WHAT TO PRODUCE: From the entries below, please output exactly the lines starting at the one containing "お客様の声 AIチャット機能をつけてほしい 改善" and ending at the one containing "489 Walnut Ave, Jamaica", both included.

RECORDED DATA:
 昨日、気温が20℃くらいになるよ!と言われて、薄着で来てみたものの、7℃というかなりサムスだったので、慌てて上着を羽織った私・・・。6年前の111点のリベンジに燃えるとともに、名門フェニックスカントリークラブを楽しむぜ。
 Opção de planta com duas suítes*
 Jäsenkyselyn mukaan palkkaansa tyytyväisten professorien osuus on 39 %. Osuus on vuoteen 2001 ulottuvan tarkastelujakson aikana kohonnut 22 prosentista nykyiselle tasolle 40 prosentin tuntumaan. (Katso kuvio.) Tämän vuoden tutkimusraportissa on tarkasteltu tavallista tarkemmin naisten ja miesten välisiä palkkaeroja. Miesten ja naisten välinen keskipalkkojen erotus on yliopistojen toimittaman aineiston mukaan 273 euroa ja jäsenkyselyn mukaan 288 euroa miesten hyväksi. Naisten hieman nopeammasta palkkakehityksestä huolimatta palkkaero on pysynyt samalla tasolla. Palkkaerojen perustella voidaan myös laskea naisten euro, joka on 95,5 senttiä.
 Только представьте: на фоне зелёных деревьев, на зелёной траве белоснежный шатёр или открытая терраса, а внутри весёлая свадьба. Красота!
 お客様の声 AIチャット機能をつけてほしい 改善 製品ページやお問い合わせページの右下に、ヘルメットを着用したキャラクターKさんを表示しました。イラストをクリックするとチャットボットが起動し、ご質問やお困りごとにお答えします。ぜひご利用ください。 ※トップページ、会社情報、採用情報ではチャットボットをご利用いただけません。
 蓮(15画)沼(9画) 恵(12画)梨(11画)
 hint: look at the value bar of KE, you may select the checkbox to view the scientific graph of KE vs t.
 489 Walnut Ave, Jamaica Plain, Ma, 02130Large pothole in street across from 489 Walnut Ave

...

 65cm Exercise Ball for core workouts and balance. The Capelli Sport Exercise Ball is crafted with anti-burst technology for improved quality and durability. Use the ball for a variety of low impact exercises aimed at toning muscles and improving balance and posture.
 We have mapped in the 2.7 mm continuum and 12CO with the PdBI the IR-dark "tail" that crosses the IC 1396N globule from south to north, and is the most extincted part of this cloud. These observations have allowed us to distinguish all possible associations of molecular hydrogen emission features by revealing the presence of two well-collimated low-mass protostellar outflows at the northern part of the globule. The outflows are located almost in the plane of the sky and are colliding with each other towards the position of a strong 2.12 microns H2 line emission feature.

---

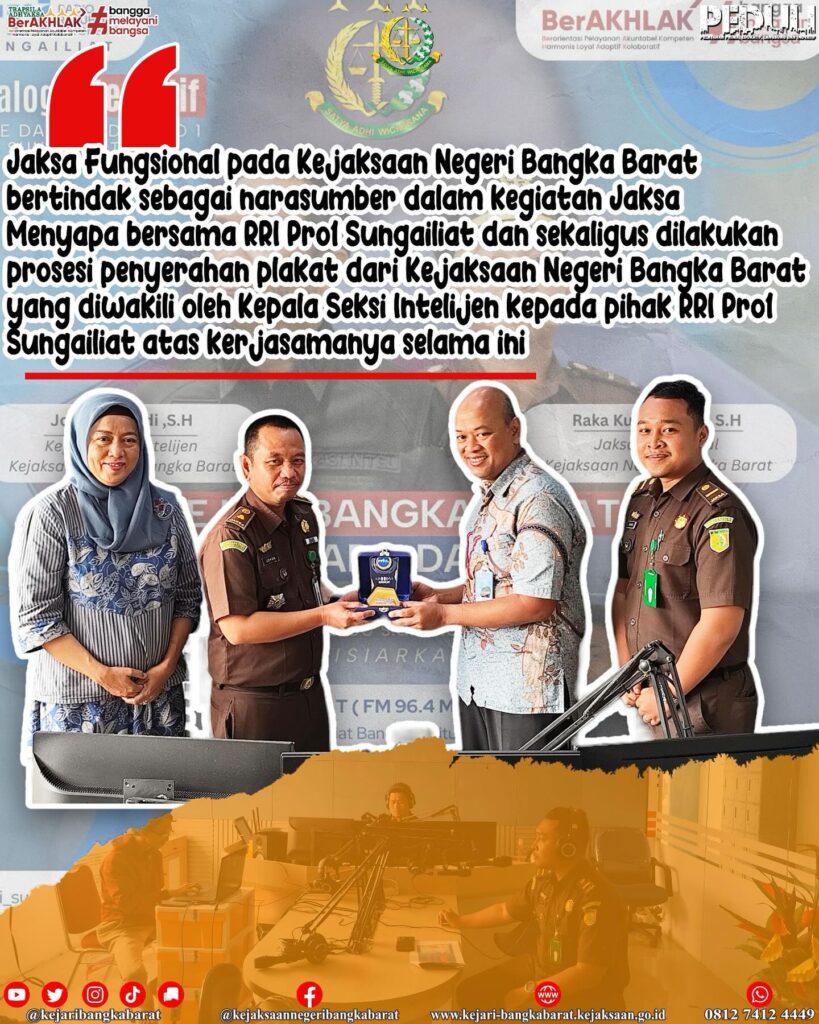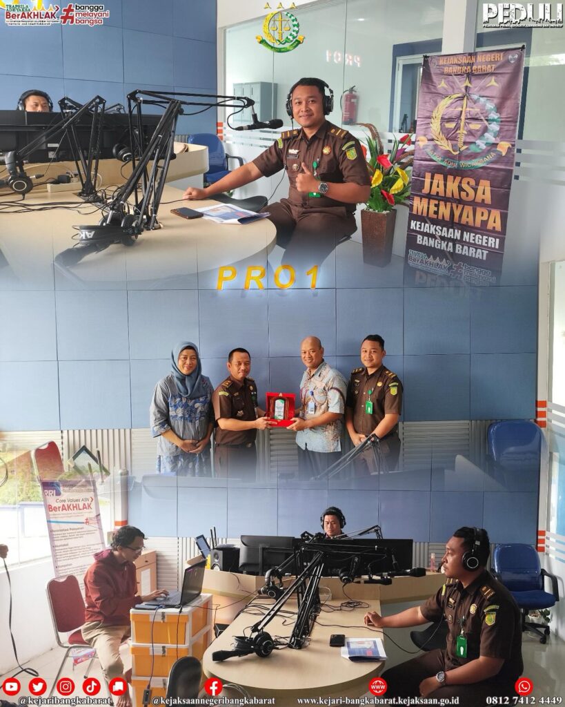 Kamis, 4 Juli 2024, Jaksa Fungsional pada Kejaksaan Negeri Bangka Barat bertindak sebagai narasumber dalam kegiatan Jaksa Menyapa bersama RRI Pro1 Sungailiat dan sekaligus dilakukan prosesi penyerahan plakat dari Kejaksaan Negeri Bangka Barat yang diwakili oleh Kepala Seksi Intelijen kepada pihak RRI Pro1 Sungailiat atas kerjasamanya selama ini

RESULT FOR THIS TASK:
 お客様の声 AIチャット機能をつけてほしい 改善 製品ページやお問い合わせページの右下に、ヘルメットを着用したキャラクターKさんを表示しました。イラストをクリックするとチャットボットが起動し、ご質問やお困りごとにお答えします。ぜひご利用ください。 ※トップページ、会社情報、採用情報ではチャットボットをご利用いただけません。
 蓮(15画)沼(9画) 恵(12画)梨(11画)
 hint: look at the value bar of KE, you may select the checkbox to view the scientific graph of KE vs t.
 489 Walnut Ave, Jamaica Plain, Ma, 02130Large pothole in street across from 489 Walnut Ave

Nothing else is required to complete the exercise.